I just got a brand new custom tank from Concept Aquariums. It just arrived today and the eurobrace was cracked. There are also a few scratches on one of the long lengths.
Tank is 90 x 24 x 31. Front and back panels are starphire. One side has a overflow. I will have a brand new replacement eurobrace that you can take and silicone and suddenly you have a brand new tank. Tank cost me over $3,000. Ill sell it for $1500.( Had to change price)


----------



## jbyoung00008 (May 16, 2011)

That's a beauty tank. Wish I had the room. Good luck with your sale


----------



## Dustmaster (Oct 15, 2013)

Brand new tank. Someone take it away. $1250


----------



## Dustmaster (Oct 15, 2013)

Price drop to $1000. Really need this gone.


----------



## Dustmaster (Oct 15, 2013)

bump. Have the new brace now. need this gone.


----------



## misdem (Jul 30, 2011)

Damn, I need this tank. Just don't have the ability to transport it atm.


----------



## davej (Apr 28, 2010)

misdem said:


> Damn, I need this tank. Just don't have the ability to transport it atm.

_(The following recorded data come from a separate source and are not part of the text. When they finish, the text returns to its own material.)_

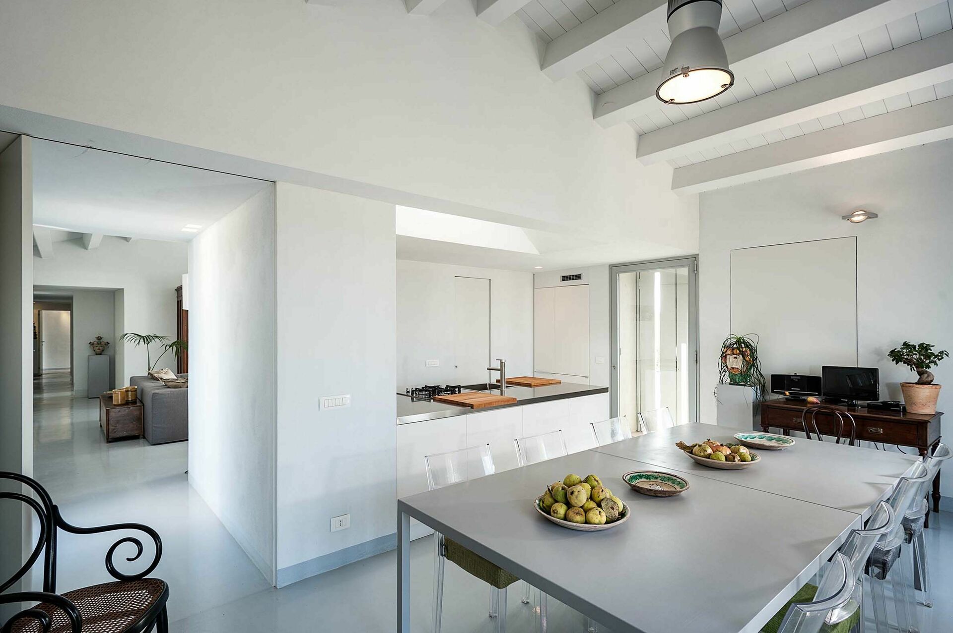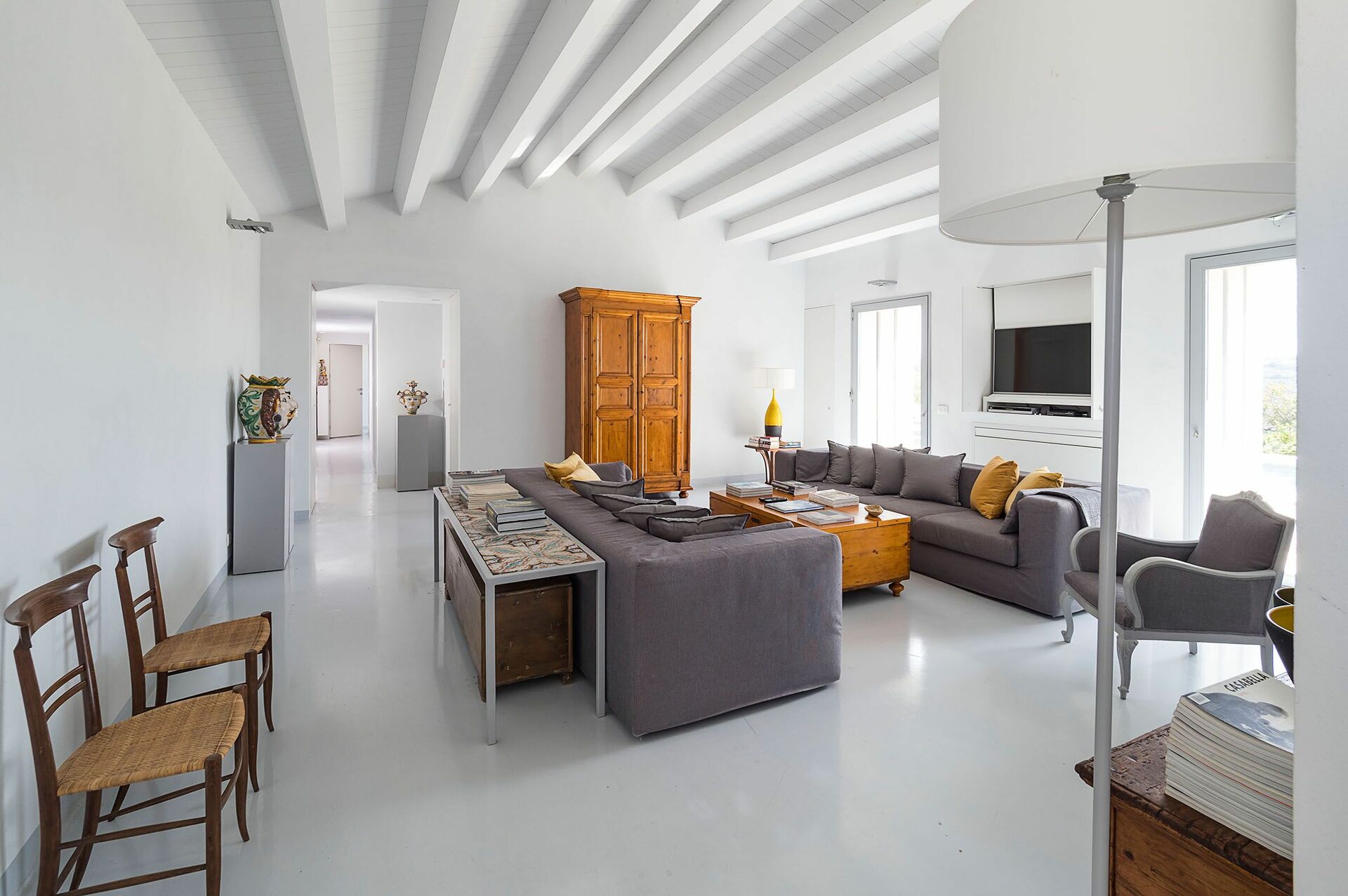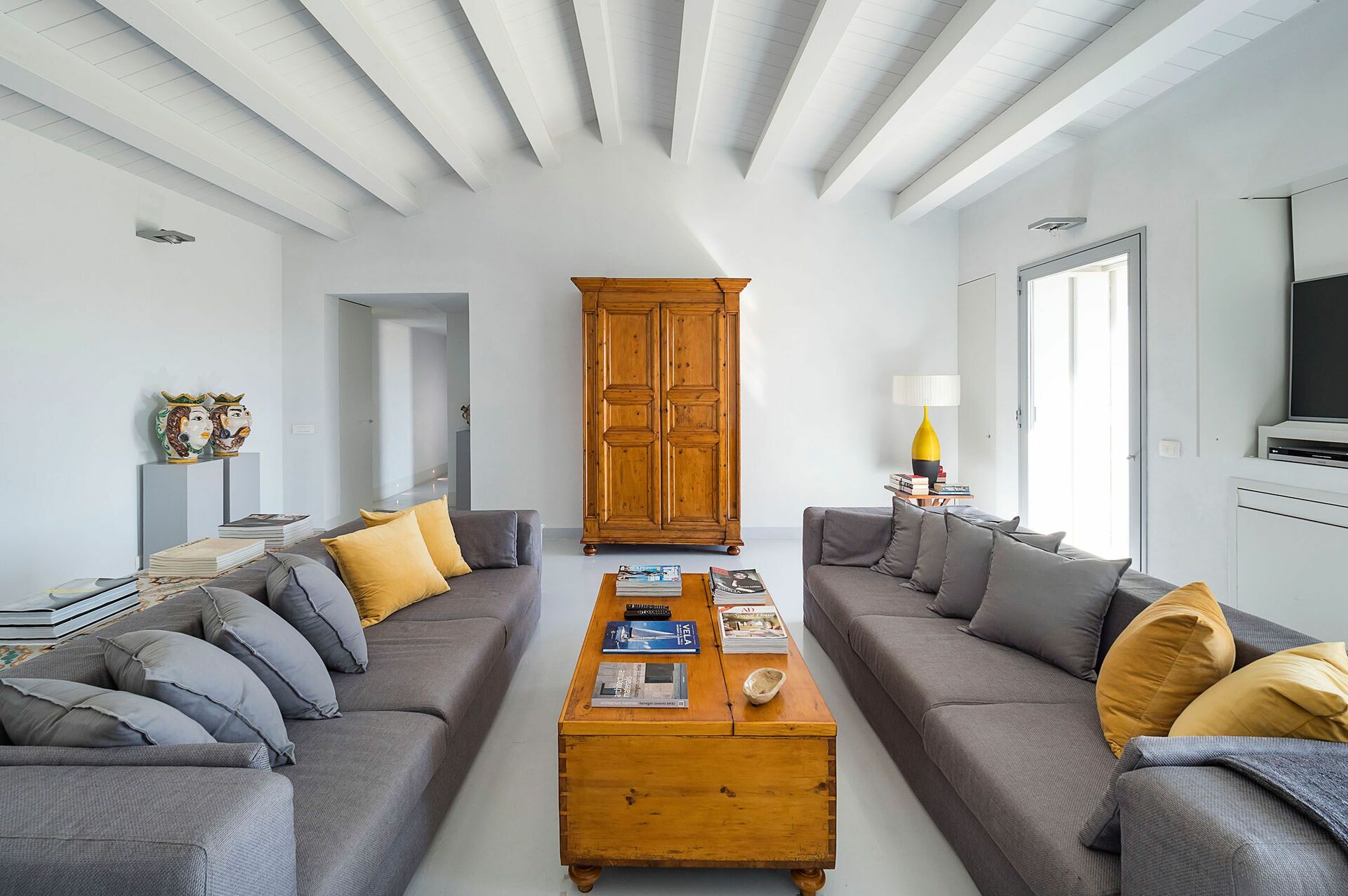 Feriehuset er smakfullt innredet med et interiør som har fokus på detaljer: det er innslag av antikviteter, så vel som moderne designmøbler.
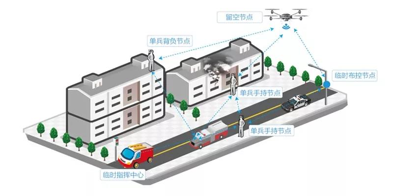 憑借上述優(yōu)勢,MESH無線自組網(wǎng)系統(tǒng)在應(yīng)急通信場合發(fā)揮重要作用。滿足大型活動安保巡邏、城市反恐維穩(wěn)指揮、搶險救援指揮調(diào)度、消防應(yīng)急通信指揮、艦船編隊岸海互通等多種復(fù)雜通信需求。
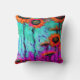 Contemporary modern art work of colourful orange sunflowers with purple shadows on a turquoise throw pillow. Please NOTe: The front and back of pillow have different images of the same flowers and colours.
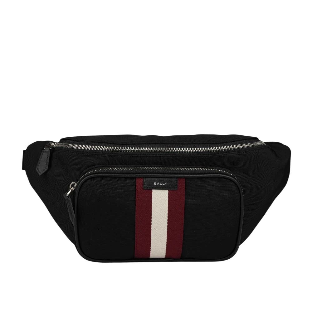 預購 BALLY Code 經典紅白條紋尼龍腰包(黑色)
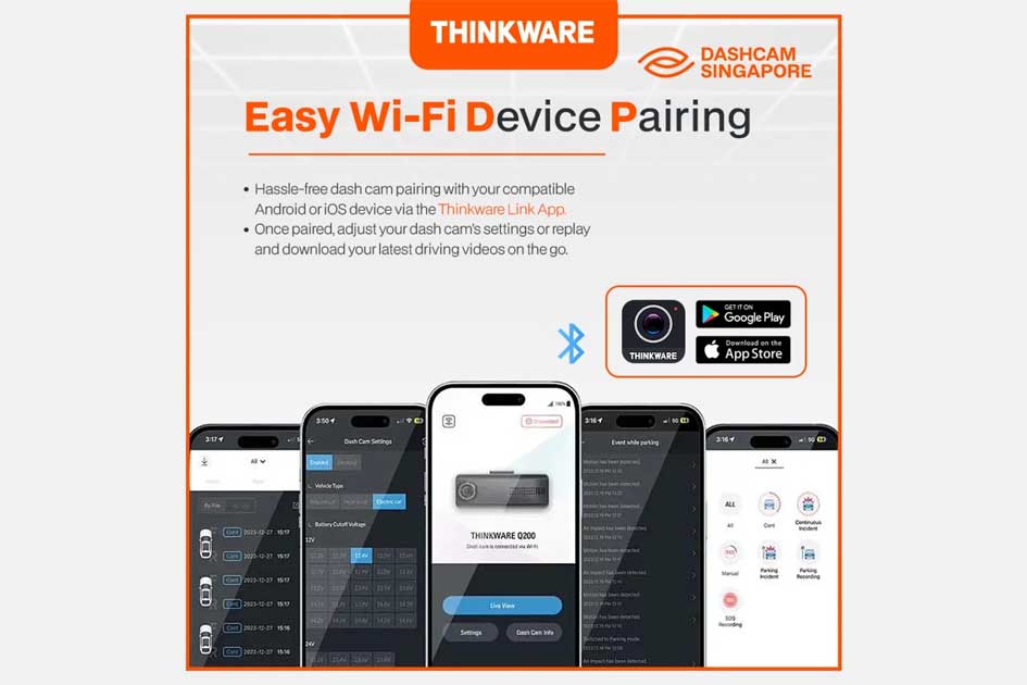 Effortlessly pair your dash cam with any compatible Android or iOS device using the THINKWARE DASH CAM LINK app. Once connected, you can easily adjust settings, replay footage, and download your latest driving videos on the go.
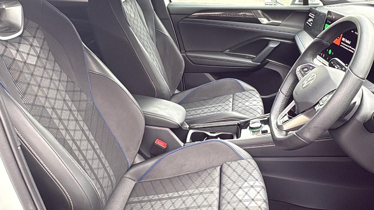 "R Line front seats integrated head restraints",
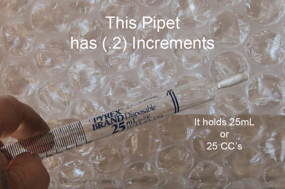 I choose the Pipet over the Buret tube. The Buret tube looks really cool, and is fun to play with. They cost about $140...You use it once, then spend the next 50 years protecting it, so it doesn't get broke. Pipettes come in glass or plastic, the price range varies. A pipet can cost from $3.00 - $ 3,000.00. The smaller the increments, the higher the price. I am using a 2/10's increment Pipet. It never hurts to have an extra, oops! I dropped it!
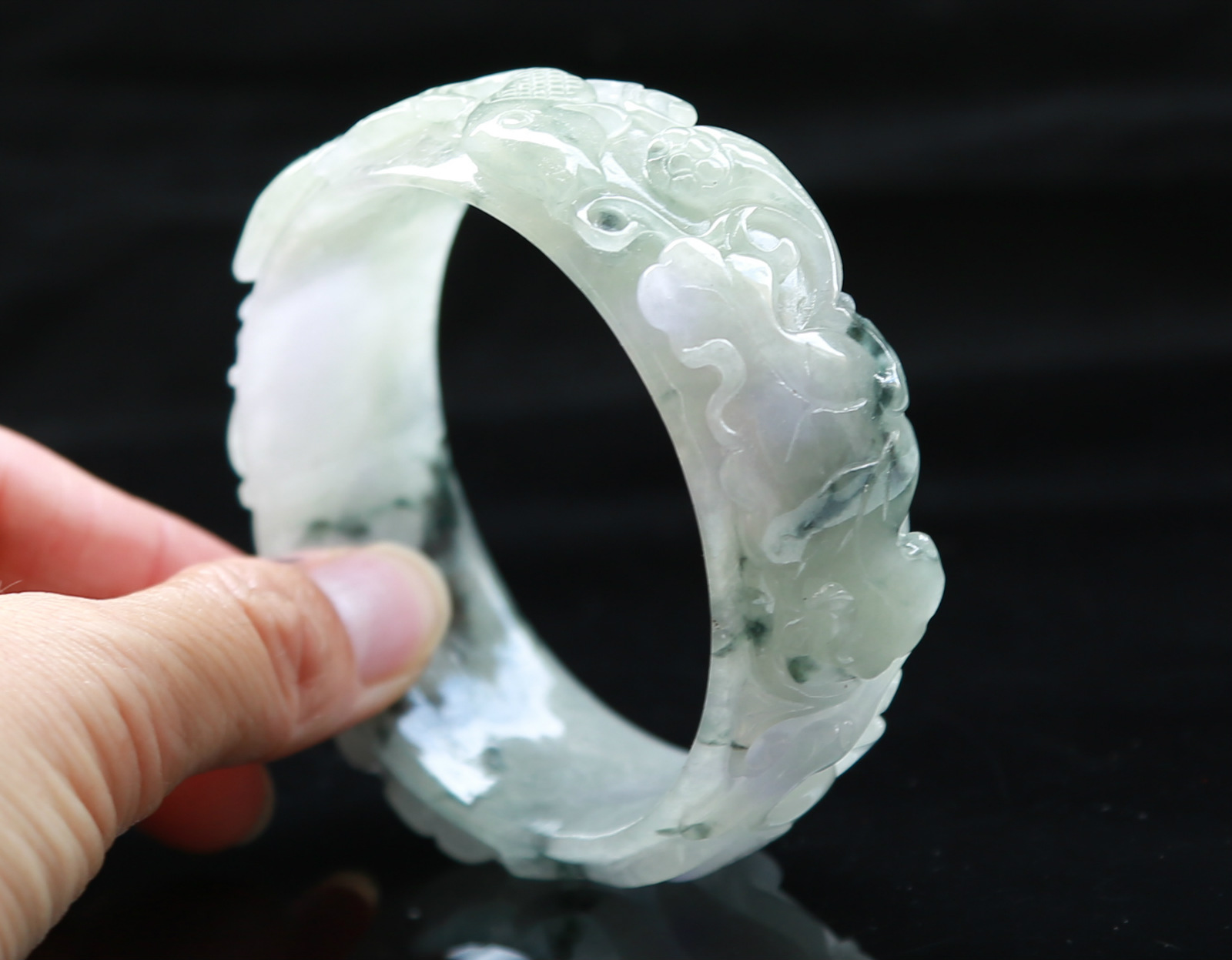 59.75mm 100% Natural A Grade Lavender Green Burmese Jadeite Icy Jade Sculpture Carve Wide Bangle

Uhaul rental and a couple of buddies?
That's how I moved my last tank purchase.


----------



## misdem (Jul 30, 2011)

davej said:


> Uhaul rental and a couple of buddies?
> That's how I moved my last tank purchase.


All my "well endowed" buddies are out of town on business. They all seem to have great timing. :lol:


----------



## Dustmaster (Oct 15, 2013)

I can help you out when you come and pick up. Thats not a problem.


----------



## Dustmaster (Oct 15, 2013)

Now have the new brace and a tube of silicone. Come take it away.


----------



## Dustmaster (Oct 15, 2013)

Someone take it away. Will accept reasonable offers.


----------



## Dustmaster (Oct 15, 2013)

Reasonable offers only. Still for sale.


----------



## duoglide (Mar 12, 2012)

I never understand why people like you jump in and say stuff like you just did if you do not intend to buy the the tank.
Bill


----------



## Dustmaster (Oct 15, 2013)

duoglide said:


> I never understand why people like you jump in and say stuff like you just did if you do not intend to buy the the tank.
> Bill


What??????


----------



## Dustmaster (Oct 15, 2013)

Still for sale


----------



## Dustmaster (Oct 15, 2013)

price drop to 700. hoping to get rid of it this week.


----------



## vicdunn (Feb 12, 2012)

does it have overflows


----------



## Clownloachlover (Apr 21, 2010)

if it does not have overflows I have some custom built overflows you can add to it...make me an offer.


----------



## Dustmaster (Oct 15, 2013)

Yes. It has a side overflow with 3 holes drilled.


----------



## Dustmaster (Oct 15, 2013)

Next person to offer me $500 firm gets the tank. No delays.


----------